Чтобы сократить путь и выбраться на шоссе, кучер свернул на проселочную дорогу, окаймленную высокими гладкими стволами буковых деревьев. Их громоздкий экипаж с трудом передвигался по этой узкой ложбине, весь сотрясаясь и так подскакивая на ухабах, что женщины визжали от страха.
Антонен, развалившийся среди юбок, пригретый жаркими женскими телами, обвитый кольцами рук, сладко дремал и, подобно большому откормленному борову, наслаждался покоем. Только что перед этим в чаще леса, распаленные вином, похотливые, как менады, женщины приставали к нему. Их забавляло его белое, жирное тело с выпятившейся грудью и мясистыми ребрами. Он был похож на огромного толстого идола, на какую-то ярмарочную диковину. Но теперь его спутницы и сами уже совсем отяжелели от вина. Их руки, созданные для ласки и для греха, застыли. Они улеглись на его необъятной туше, как на огромном пуховике, как в большом теплом гнезде, свитом из человеческой плоти. Их воздушные кисейные платья свешивались вниз, до самой оси экипажа, их плотно прижатые друг к другу тела подпрыгивали на ухабах дороги, и среди летнего вечера и тишины леса с уходившими вдаль рядами поблекших деревьев все это казалось какой-то процессией пьяных масок, которых везли к их ложам любви.
Поль Рабаттю в свои двадцать пять лет был уже совершенно истрепан развратом. Казалось, что рост его остановился еще в годы юности и что, рахитичный и хилый, он преждевременно превратился в старика. Он пристроился между скамейками и лежал, уткнув голову в колени. Ренье сидел рядом с кучером на козлах. В то время как все остальные были уже совершенно пьяны, он держался прямо, и сознание его оставалось ясным. Ему доставляло удовольствие видеть, как они теряют человеческий облик и как вслед за этим все кончается мертвой спячкой. Это даже подстегивало его, он начинал испытывать какой-то смутный зуд, в нем пробуждались извращенные, порочные желания.
«Что бы еще такое придумать? – спрашивал он себя. – Эти девки перестали на меня действовать – в них нет никакой остроты. Надо найти какое-нибудь более изысканное наслаждение, что-нибудь крепкое и жгучее; это все приторно и мне уже надоело.

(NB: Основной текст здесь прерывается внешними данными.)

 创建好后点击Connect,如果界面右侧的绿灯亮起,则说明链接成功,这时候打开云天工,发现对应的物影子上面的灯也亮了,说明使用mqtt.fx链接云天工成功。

Должно быть, я ими просто пресытился».
Когда путь уже близился к концу, они вдруг увидали в тени деревьев высокого мужчину. Он шел им навстречу. Очертания его фигуры все росли и росли вместе с силуэтами деревьев, и самого его можно было принять за одного из сынов этого могучего леса. Кучер погнал лошадей, экипаж помчался еще быстрее, и незнакомец оказался совсем уже близко.
Разумеется, это был он, тот извечный нищий, тот бессмертный нищий скиталец, который столетиями странствует по городам и лесам. Опираясь на суковатую палку, он шел прямо, ровным широким шагом, мерным шагом косца, который косит пространство и время, убирая траву с лугов, то освещенных розовою зарею, то залитых вечерним багрянцем.

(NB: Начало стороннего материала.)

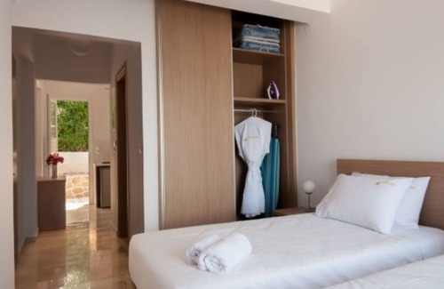Our ground floor studio includes two twin beds and a bathroom equipped with a shower cabin and complimentary toiletries. Guests also have access to a fully equipped kitchen. Each space also includes air-conditioning, a flat-screen TV. Explore the beach grotto, visit the local restaurants and taverns, and take a refreshing dip at our private beach.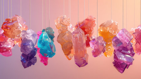 Colorful Crystals Suspended on Fine Strings Against a Soft Pastel Pink Background.

Зоркий глаз Ренье сразу же приметил этого необычайного путника. Казалось, что какой-то диковинный зверь вылез из своей берлоги и, приняв образ человека, начинает теперь бродить по лесу – это ведь был тот час, когда на добычу выходят лесные звери.
«Да, – подумал он, – разумеется, это зверь – зверь, которого затравила нищета, зверь, который обречен, поднявшись с первыми лучами солнца, скитаться по целым дням без отдыха, проводя ночи в поле, прижавшись к стогу сена или растянувшись на вонючей гнилой соломе. Полицейские ищейки гоняются за ним, как за дичью. А хозяева домов, обеспокоенные его появлением, травят его собаками, когда он проходит по дороге. Родной дом его – это звездное небо над головой и ночная тьма, в которой он исчезает каждую ночь, находя в ней забвение и превращаясь на несколько часов в человека».

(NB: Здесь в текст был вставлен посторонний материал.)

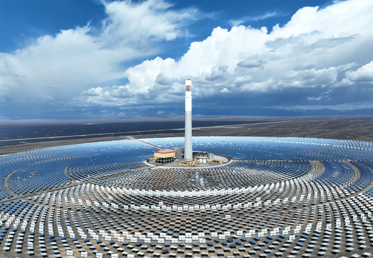国家电投新疆吐鲁番1GW光热+光伏一体化项目现场(8月20日无人机摄)。目前,吐鲁番电网总装机容量达1234.2万千瓦,其中新能源装机占比超70%。 刘健摄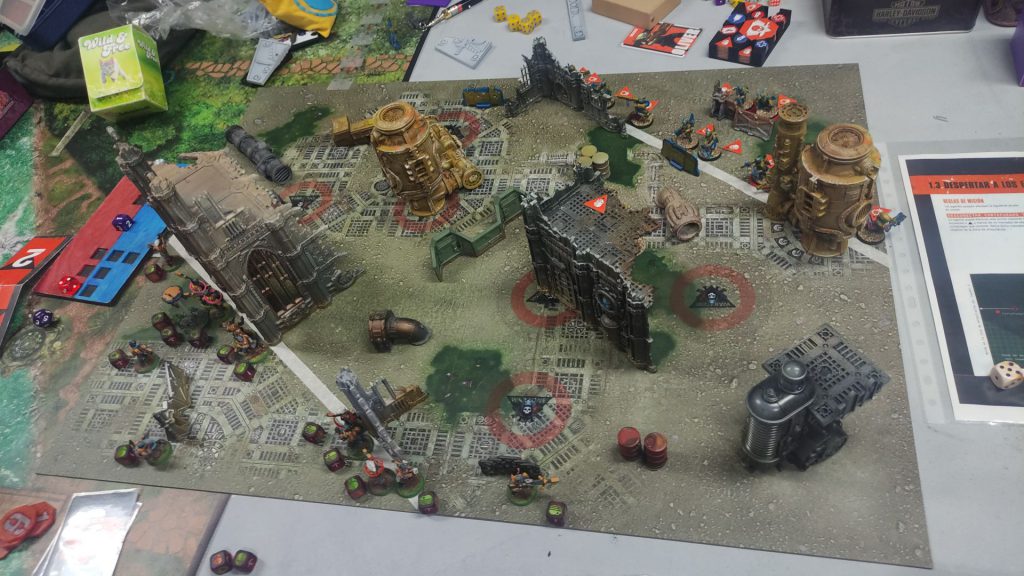 When it comes to how much of each to use, you want 5-6 elements with the Heavy trait, i.e. provides Cover and is Obscuring, and 4-5 elements with the Light trait, which provides Cover unless otherwise specified. This will give you a good mix of features to work with and give operatives the ability to cross the table while not making it safe to do so. Again, Octarius is a great example here (see above), as it provides you with 4 large heavy ruin sections plus the derrick and another six pieces of light terrain made from piles of junk and makeshift walls.As you place terrain, put some heavy elements in the center of the table. You want to break up lines of sight so it's difficult or impossible to see from one end of the table to the other. Important in any wargame with shooting, and important here.

Репье с интересом глядел на этого странника, который словно вынырнул вдруг из хмельного тумана. Он видел, как тот неизменно стремился вперед большими шагами вырвавшегося из своего логова и подгоняемого голодом волка, и этот образ бессмертного бродяги, рослого старика, пустившегося в путь на заре человечества и в течение долгих веков слоняющегося по лесным дорогам и городским мостовым, увлек его изощренное воображение.
– Стой! – скомандовал он.
Кучер натянул вожжи, и лошади вздыбились так, что седоки попадали друг на друга. Нищий прижался к краю дороги возле самых колес и с мольбою протянул шляпу.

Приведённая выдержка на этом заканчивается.